### EXERCISE PROMPT
Without copying the images, write out all the entries below verbatim.

### Extracted records
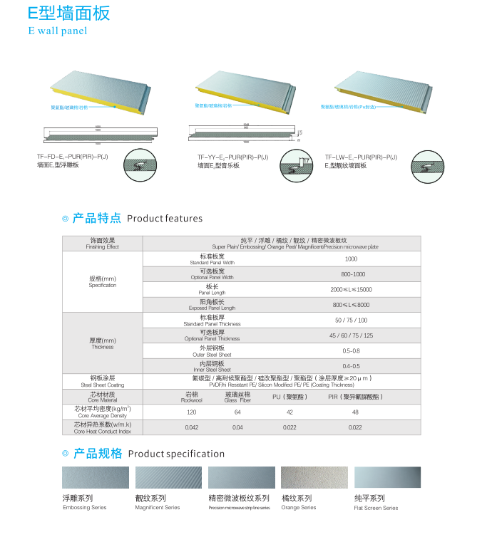 天豐聚氨酯墻面E板及系統(tǒng)是具有保溫、優(yōu)異燃燒等級(jí)和環(huán)保性能的優(yōu)雅恒麗表面圍護(hù)系統(tǒng)。外層面板選用高檔鋼板、氟碳鋁板或鈦鋅板,不僅能長(zhǎng)久地維護(hù)和保持建筑色彩的持久艷麗而且多飾面效果大大豐富了建筑物的內(nèi)涵。高品質(zhì)的隔熱原材料采用了不含氟氯碳化物的聚氨酯PU、聚異氰脲酸酯酸酯PIR或巖棉MW。其較低的導(dǎo)熱系數(shù)可輕易使建筑達(dá)到所要求的保溫隔熱性能和防止結(jié)露的產(chǎn)生,減少墻體厚度,增加建筑的使用空間。
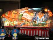旦那さんの故郷、大湊地区に百数十年以上前から伝わる伝統的な祭りだそうで、町内会を中心に製作される手作りねぶたです。 例年、8月の第1金曜から3日間行われるそうで、今年は12台のねぶたが集合しました。 今年はあいにくの雨模様で、ビニールシートがかけられてました。 |
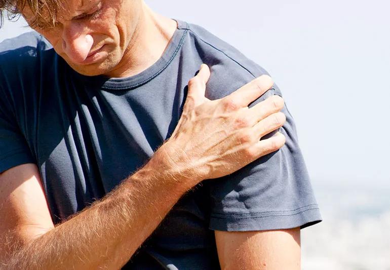 “As you raise your arm up, the tendons or bursa can get pinched between the humerus and the collar bone (clavicle) on top of the scapula,” explains physical therapist Kelly Kinsey, PT.
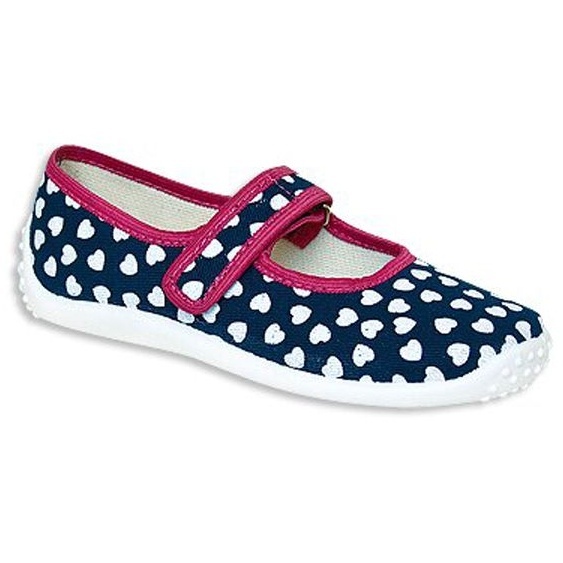 Dětská dívčí textilní obuv Bighorn JITKA v tmavě modré barvě s bílými srdíčky se zapínáním na suchý zip. Materiál je vysoce kvalitní bavlna. Lehká pružná podešev vyrobená z PVC. Stélka je vyrobena z přírodní kůže a pružné pěny s aktivním uhlím. Kůže absorbuje přebytečnou vlhkost a aktivní uhlí nepříjemné pachy, což chodidlu dává pocit svěžesti. Pata obuvi je vyztužena. Bota je velice pohodlná a lehká. Obuv je vyrobena v EU.
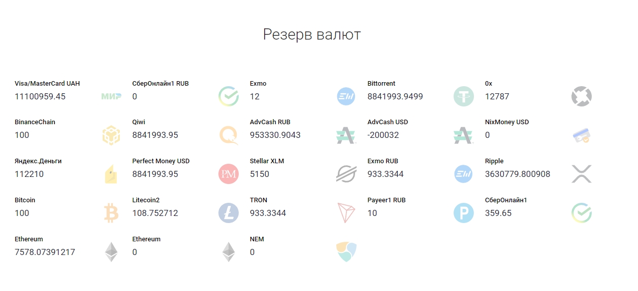 Скрыть резервы валют на главной — позволяет вручную выбрать валюты, резервы которых не должны отображаться на главной странице. Это удобно, если вы хотите скрыть определённые направления обмена от общего списка.
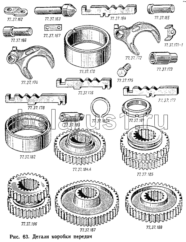 | 77.37.185 | 77.37.185 | Заказать | Блок шестерен III и IV передач |
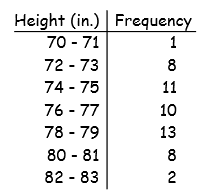 The heights of a group of professional basketball players are summarized in the frequency distribution below.
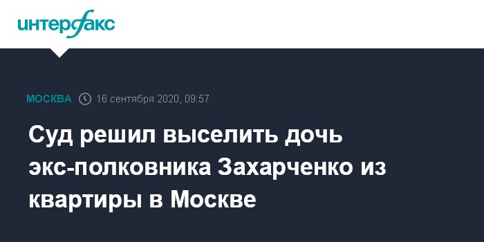 Москва. 16 сентября. INTERFAX.RU - Замоскворецкий районный суд столицы принял решение о выселении 12-летней дочери экс-полковника МВД Дмитрия Захарченко Ульяны и ее матери Марины Семыниной из их единственной квартиры в Москве, пишет в среду "Коммерсантъ" со ссылкой на их адвоката.
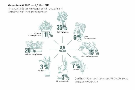 Nach Schätzungen der Agrarmarkt Informations-Gesellschaft mbH (AMI) auf Basis der ersten drei Quartale 2025 schrumpfte der Markt für Blumen & Zierpflanzen im Jahr 2025 auf ein Niveau von 8,5 Mrd. Euro (zu Einzelhandelspreisen).

### ANSWER SPACE
 天豐聚氨酯墻面E板及系統(tǒng)是具有保溫、優(yōu)異燃燒等級(jí)和環(huán)保性能的優(yōu)雅恒麗表面圍護(hù)系統(tǒng)。外層面板選用高檔鋼板、氟碳鋁板或鈦鋅板,不僅能長(zhǎng)久地維護(hù)和保持建筑色彩的持久艷麗而且多飾面效果大大豐富了建筑物的內(nèi)涵。高品質(zhì)的隔熱原材料采用了不含氟氯碳化物的聚氨酯PU、聚異氰脲酸酯酸酯PIR或巖棉MW。其較低的導(dǎo)熱系數(shù)可輕易使建筑達(dá)到所要求的保溫隔熱性能和防止結(jié)露的產(chǎn)生,減少墻體厚度,增加建筑的使用空間。
旦那さんの故郷、大湊地区に百数十年以上前から伝わる伝統的な祭りだそうで、町内会を中心に製作される手作りねぶたです。 例年、8月の第1金曜から3日間行われるそうで、今年は12台のねぶたが集合しました。 今年はあいにくの雨模様で、ビニールシートがかけられてました。 |
 “As you raise your arm up, the tendons or bursa can get pinched between the humerus and the collar bone (clavicle) on top of the scapula,” explains physical therapist Kelly Kinsey, PT.
 Dětská dívčí textilní obuv Bighorn JITKA v tmavě modré barvě s bílými srdíčky se zapínáním na suchý zip. Materiál je vysoce kvalitní bavlna. Lehká pružná podešev vyrobená z PVC. Stélka je vyrobena z přírodní kůže a pružné pěny s aktivním uhlím. Kůže absorbuje přebytečnou vlhkost a aktivní uhlí nepříjemné pachy, což chodidlu dává pocit svěžesti. Pata obuvi je vyztužena. Bota je velice pohodlná a lehká. Obuv je vyrobena v EU.
 Скрыть резервы валют на главной — позволяет вручную выбрать валюты, резервы которых не должны отображаться на главной странице. Это удобно, если вы хотите скрыть определённые направления обмена от общего списка.
 | 77.37.185 | 77.37.185 | Заказать | Блок шестерен III и IV передач |
 The heights of a group of professional basketball players are summarized in the frequency distribution below.
 Москва. 16 сентября. INTERFAX.RU - Замоскворецкий районный суд столицы принял решение о выселении 12-летней дочери экс-полковника МВД Дмитрия Захарченко Ульяны и ее матери Марины Семыниной из их единственной квартиры в Москве, пишет в среду "Коммерсантъ" со ссылкой на их адвоката.
 Nach Schätzungen der Agrarmarkt Informations-Gesellschaft mbH (AMI) auf Basis der ersten drei Quartale 2025 schrumpfte der Markt für Blumen & Zierpflanzen im Jahr 2025 auf ein Niveau von 8,5 Mrd. Euro (zu Einzelhandelspreisen).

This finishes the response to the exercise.